Абиш, сын Сагади, появился на свет в тот миг, когда тень отца в последний раз обошла родной аул и, сев на худого коня, откочевала к благодатным лугам, где пасут свой скот души предков. Его убил могульский оглан в долине Абиш. Захудалый дулатский род вынужден был принять небрежный выкуп за убийство, но отец Сагади, дед Абиша, не согласился со старейшинами, что это справедливо: за кровь мстишь кровью — такой закон завещали предки. И вместо имени Асым он дал внуку имя долины, где убит его отец, чтобы помнил и мстил.
Абиш перерос сверстников, под крючковатым дедовским носом рано зачернел пушок усов, пришло его время, но весной с гор спустилось сартское войско, чаготаи угнали скот, зарубили деда. Кража и пролитая кровь были случайными. Чаготаи искали могул, кровных врагов Абиша и дулаты не стали ввязываться в драку из-за одного своего, мимоходом ограбленного аула.
Абиш вытер слезы, спрятал тело деда и, покрывая фарсанг за фарсангом, помчался к Ашпаре. Холодный ветер студил его лицо, но не душу.
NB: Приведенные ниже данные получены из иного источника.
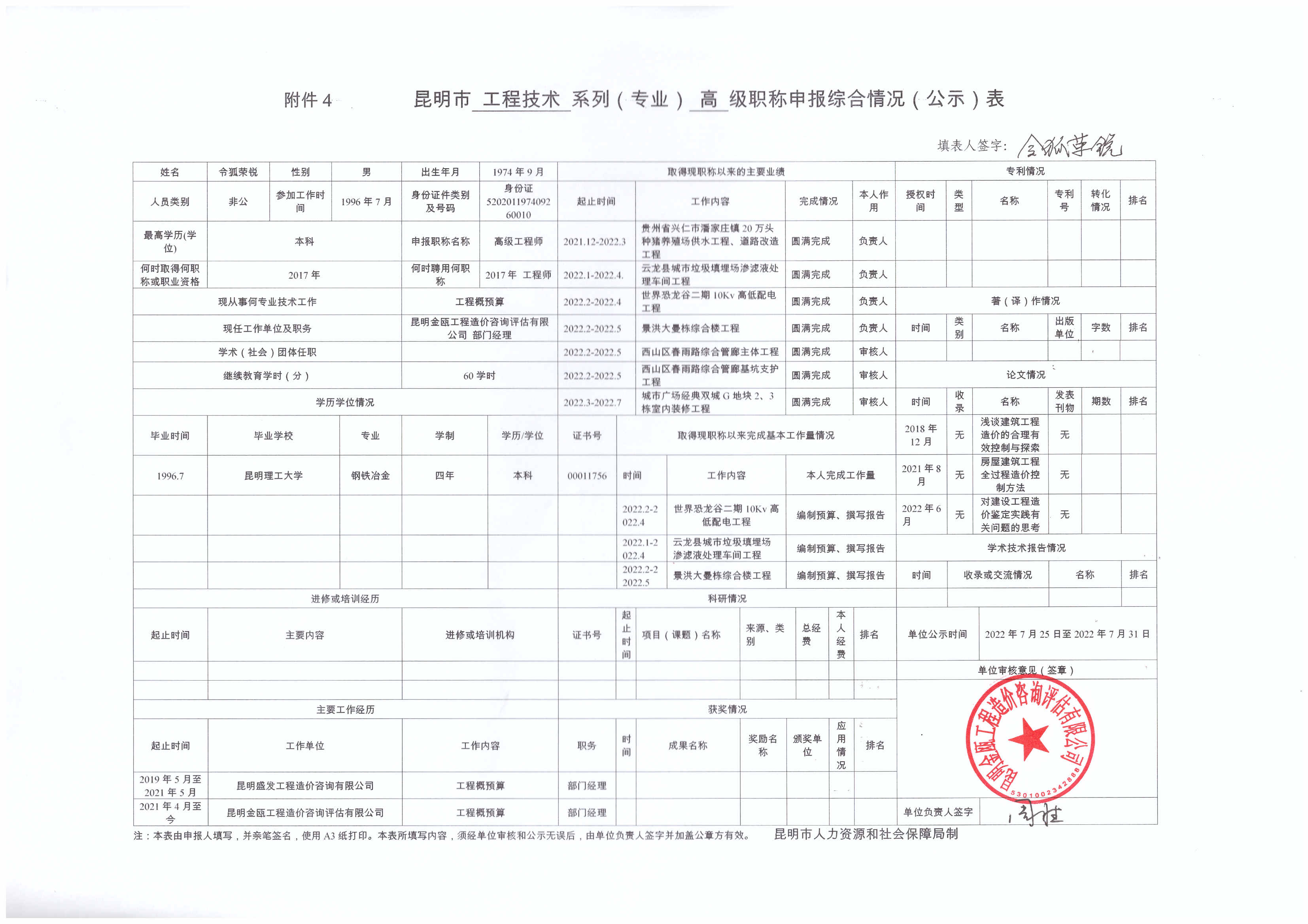 金甌公司關(guān)于2022年專業(yè)技術(shù)高級(jí)職稱申報(bào)評(píng)審材料公示
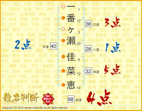 一番ヶ瀬佳菜恵さんの総運は68画の4点!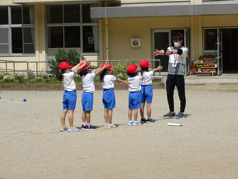 担任の先生がラインを引こうとすると、何だかそのラインの後をついて回りたくなる。前にならえの練習をすると、何だか不思議と笑い声が出る・・・。ラジオ体操の練習をすると、何だか新しいダンスが生まれたような軽快な動きが見られる。その姿を微笑ましく眺めている先生方。若葉の候にふさわしい光景でした。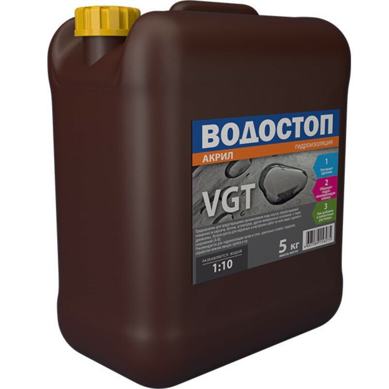 Грунт-Концентрат VGT Водостоп-Акрил 5кг (1:10) Влагоизолятор для Внутренних и Наружных Работ / ВГТ.

Прижимаясь щекой к теплой шее кобылки, он скрипел зубами и твердил, чему учил дед: «Законы предков идут от крови и разнятся с хитрыми сурами нового бога. За четыре преступления нет иного выкупа кроме смерти: за кровь мстишь кровью, за увечье — увечьем… Возмездие — это равновесие, которым держится мир, никто не вправе нарушать его, иначе небо упадет на землю, вода смешается с огнем, мертвые вернутся из потусторонних кочевий и будут ходить среди живых, ничем от них не отличаясь…»
В Ашпаре Абиш узнал, что Ибрахимхан с войском ушел на закат, и только возле Таласа догнал его. Могулы долго не выспрашивали по какому делу примчался дулаткарачу, пропустили в дом-идущий Ибрахимхана, огромный дом, в котором можно не заметить гостя. В нем Абиш узнал людей дулатского эмира Худайдада, соединившихся с могулами, рассказал, где видел тьмы чаготаев, а все зыркал по сторонам, высматривая того, чье имя узнал раньше имени отца и никогда не произносил вслух. Душа не подсказывала, кто из них кровник.
Ибрахимхан вскочил с шитой золотом подушки, побелевшими губами поклялся, что воздаст чаготаям за обиды. Абиш все сказал, уже повернулся к выходу и услышал за спиной: «Надо бы наградить этого лупоглазого аразила. Скажи моим людям, пусть дадут ему коня!» Абиш обернулся к назвавшему его аразилом-подонком, увидел говорившего оглана с маленькими, как у кабана, глазками, хотел поблагодарить и услышал его имя. Это был кровник.
Нулевой цикл
Урочище называлось Бартогай — по-местному — «есть лес». На отвилке Кульджинского тракта первая группа рабочих вкопала в каменистую землю столб, прибила к нему обструганную доску, заостренным концом указывающую на колею разбитой дороги. Я столько раз слышал об этом дне, что, кажется, сам видел, как кряхтел, налегая на лопату тучный бурильщий Шмидт, как Славка-бич обмакнул в краску выдубленный мазутом, скрюченный вибрационкой палец, вкривь и вкось намазал им по доске «Бичегорск».
В двенадцати или пятнадцати километрах от тракта речка Чиличка, вырвавшись из горного ущелья на равнину, шаловливо разбегалась рукавами проток, стариц, излучин, затем снова заныривала в узкую теснину скал. Там, где подвижное, меняющее места русло подмыло глинистый берег, среди древних могильников, может быть, и сейчас лежит груда серых, покрытых лишайником камней. Среди них мало кто замечал узкий лаз. За ним, в землянке вроде каменного ящика жил старик, скорей всего такой же бездомный бич, как многие из первоприбывших. Имел ли пенсию или зарабатывал сбором лекарственных трав, говорить об этом он не любил, хотя поболтать был мастер.
Сейчас, когда прошло несколько лет, наши беседы с ним кажутся странными снами.
А тогда… Первое время, слушая его уверения, что он родился и умер полтыщи лет назад, я хохотал. Позже, бывало, его байки и раздражали меня:
— Мели, дед, мели!.. Мне все равно ждать, когда привезут кайло… В детстве на голову не падал? Понятно! Ничего, бывает хуже.